Sting in the Tail: Timex (1) (1993)

The Sting in the Tail column from the August 1993 issue of the Socialist Standard

Timex (1)

Another expert on capitalist enterprise has bitten the dust. He is Timex president Peter Hall. He resigned his post in June although in May he was telling The Herald that “he wasn't a quitter and he would see the dispute through to a resolution".

At that time he was full of confidence about the future of the Timex factory in Dundee:
Timex has been in Dundee for 50 years and we will he here for at least another 50 years, despite the fact that some people seem not to want us here.
Five weeks after that confident forecast he had resigned and the company announced that the factory would close in December. Just another example of the complete unpredictability of the capitalist system and the “experts'" lack of understanding it.


Timex (2)

When Timex’s owner Fred Olsen told the striking Timex workers that they should “reflect calmly” before rejecting the reduced wages and conditions they had been offered, Willie Leslie, the deputy shop stewards’ convenor, replied angrily:
How dare a man described as one of the richest multi-millionaires in the world tell workers who earned £125 a week that they need to tighten their belts to make sure . . . that the profits continue to roll into the Olsen empire. (Guardian. 5 June).
His anger was a natural reaction but does he think Timex is in business to provide jobs for workers? Its aim must be to maximize profits but the Dundee factory is a loss-maker, and as Peter Hall put it bluntly “we have to turn this place round".

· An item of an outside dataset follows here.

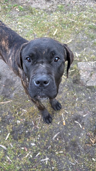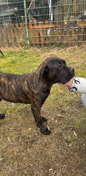 Diese junge Cane-Corso-Hündin (geschätzt 12–13 Monate alt) sucht ein erfahrenes, liebevolles Zuhause bei verantwortungsbewussten Liebhabern der Rasse.
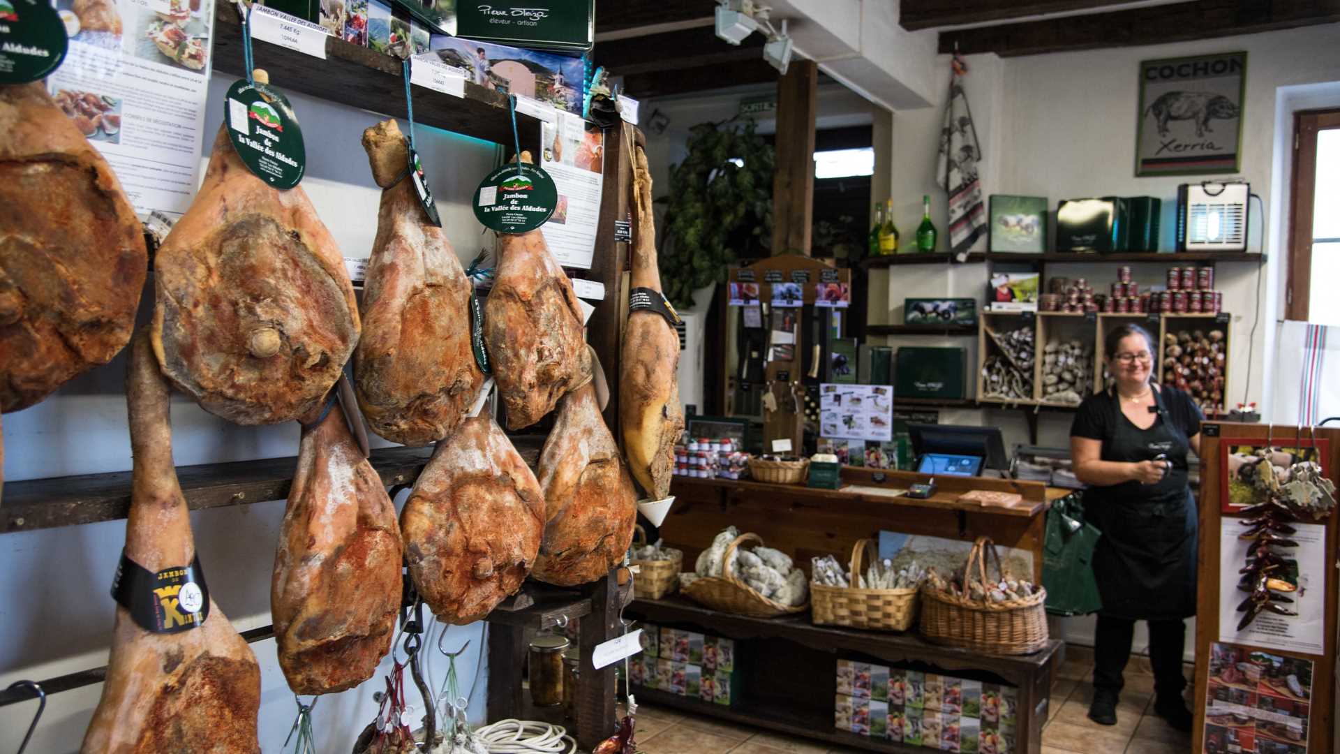 We arrived in Bayonne, which is known for several things: the invention of its eponymous bayonet, Bayonne ham, and chocolate. Bayonne saw some of the first imports of chocolate from the New World into the Old and artisan chocolate makers abound in the region, one of which we visited today. A tour into the Basque countryside saw us visit the picturesque village of Aïnhoa, with its seventeenth-century church of Our Lady of the Assumption and its wide central street, the latter forming part of the historical camino route to Santiago de Compostella. Espelette, also part of our tour, is internationally famous for its paprika production. We had cider and Bayonne ham at a traditional Basque farmhouse, preserved in seventeenth-century style complete with period furnishings. The owner explained the spiritual importance of the Basque house (etxe) to Basque society before serving us delicious homemade cider, Bayonne ham, and sheep’s cheese.

Faced with the resolve of the strikers, Timex will now close the Dundee factory. Is this another defeat for the working class? Maybe, but if this dispute serves as a warning to other employers that there is a limit to what workers will endure then the struggle of the Timex strikers will not have been in vain.


Tinkerbenn

Tony Benn has in the past shown that he has grasped at least some of the Marxist analysis of capitalism.
You would never suspect this from his ridiculously idealistic waffle in the Guardian on 29 June. Writing in anger about the American missile attack on Baghdad he correctly describes this as:
a return to Victorian imperialism with its gun-boat diplomacy, carrying out punitive raids whenever the imperial power wishes to demonstrate its strength and assert its authority in defence of its economic interests in oil and the wealth of the Third World.
And his solution? He tells us “what we need is a real New World Order". No, not the abolition of the social system which produces all this hut merely “a reformed United Nations"! Its domination by the “rich nations" is to he swept away and “replaced by policies that are in accord with the Charter of the UN”.

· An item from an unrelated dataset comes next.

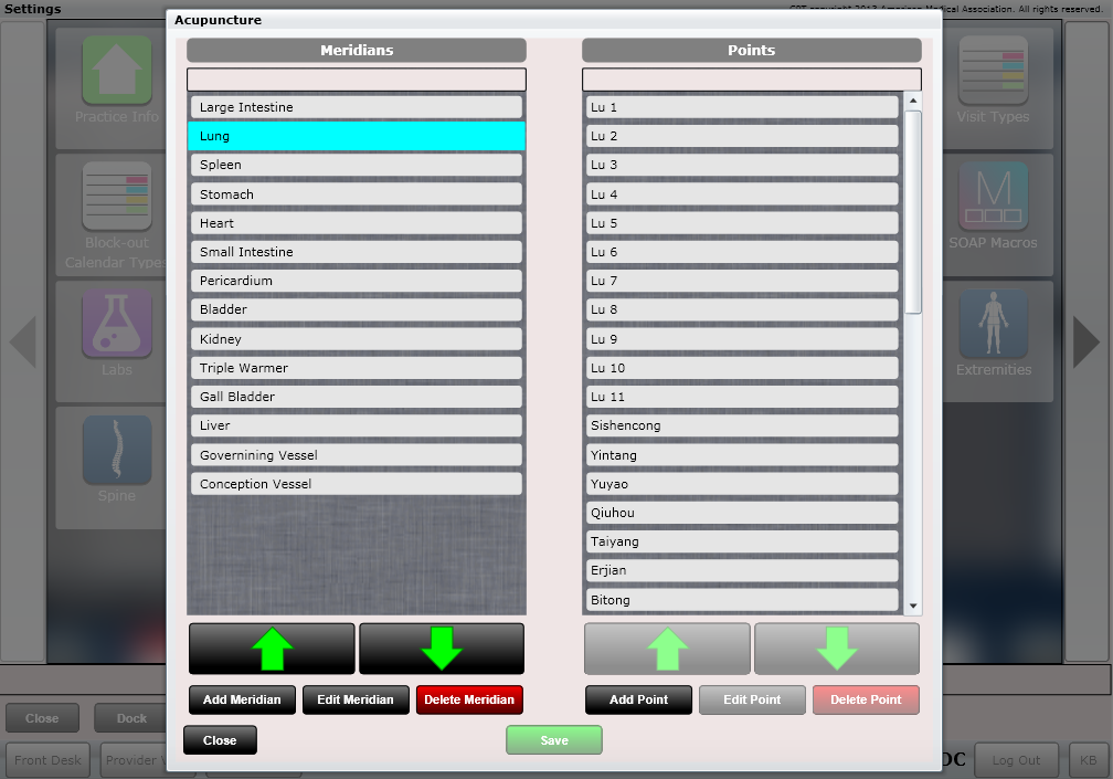 Meridans and Points are all fully loaded for you "out of the box". You will be documenting your patient's acupuncture visit on day 1.
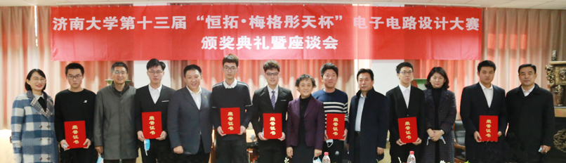 12月24日,sunbet申搏官方网站第十三届“恒拓•梅格彤天杯”电子电路设计大赛颁奖仪式在第一教学楼1108会议室举行。sunbet申搏官方网站党委副书记张硕秋,sunbet申搏官方网站教授、山东恒拓科技发展有限公司专家孟庆金,山东梅格彤天电气有限公司执行总裁谷青松,sunbet申搏官方网站团委、自动化与电气工程学院相关负责同志以及参赛师生代表参加活动。颁奖仪式由自动化与电气工程学院党委副书记、副院长陈春锋主持。

Benn, like all reformers, really believes that with a bit of tinkering capitalism can exist without the warts which are such a fundamental part of it.


That reserve army

Will Hutton, economic editor of the Guardian, wrote on 22 June:
In the middle of the 20th century Keynesian economics came to the rescue of capitalism and dispelled the Marxist claim that to work it required a reserve army of the mass unemployed.
Marx certainly held that capitalism needed what he called an “industrial reserve army" and explained why in Capital (Volume 1, chapter 25). This army was needed to provide labour for new industries without disrupting old industries which also required it and, of course, to keep down the wages of those in work.

Hutton now cites the growth of unemployment in the EC which is expected to rise to 17 million in 1994 as evidence that Keynes's rescue “has proved only temporary" and concludes:
Thus the current spectre haunting Europe is that Marx has finally been proven right—if wrong on the solution.
Marx’s “solution" to unemployment was nothing less than the establishment of socialism and obviously Hutton doesn't agree with that.


Some celebration

Did you know that the United Nations is celebrating its first International Year for the World's Indigenous People?

Trouble is no-one told the Brazilian gold and tin “wildcat" miners. The Yanomami, an ancient Amazon tribal people, are being wiped out by the “progress" of capitalism's development.

In this column we reported in February 1990 that the Yanomami, who have lived in the area for 40,000 years, had been reduced to 20,000. We now learn (Observer, 20 June) this number is down to 7,500:
In some villages there are no surviving old people and no children under two. Gold miners have shot children out of trees calling them “monkeys”, they have raped women and bombed villages, where they want to mine.
Thus does capitalisms market system “improve" the world. Only the mining companies are celebrating such progress.

1 comment:

Imposs1904 said...

That's the August 1993 issue of the Socialist Standard done and dusted.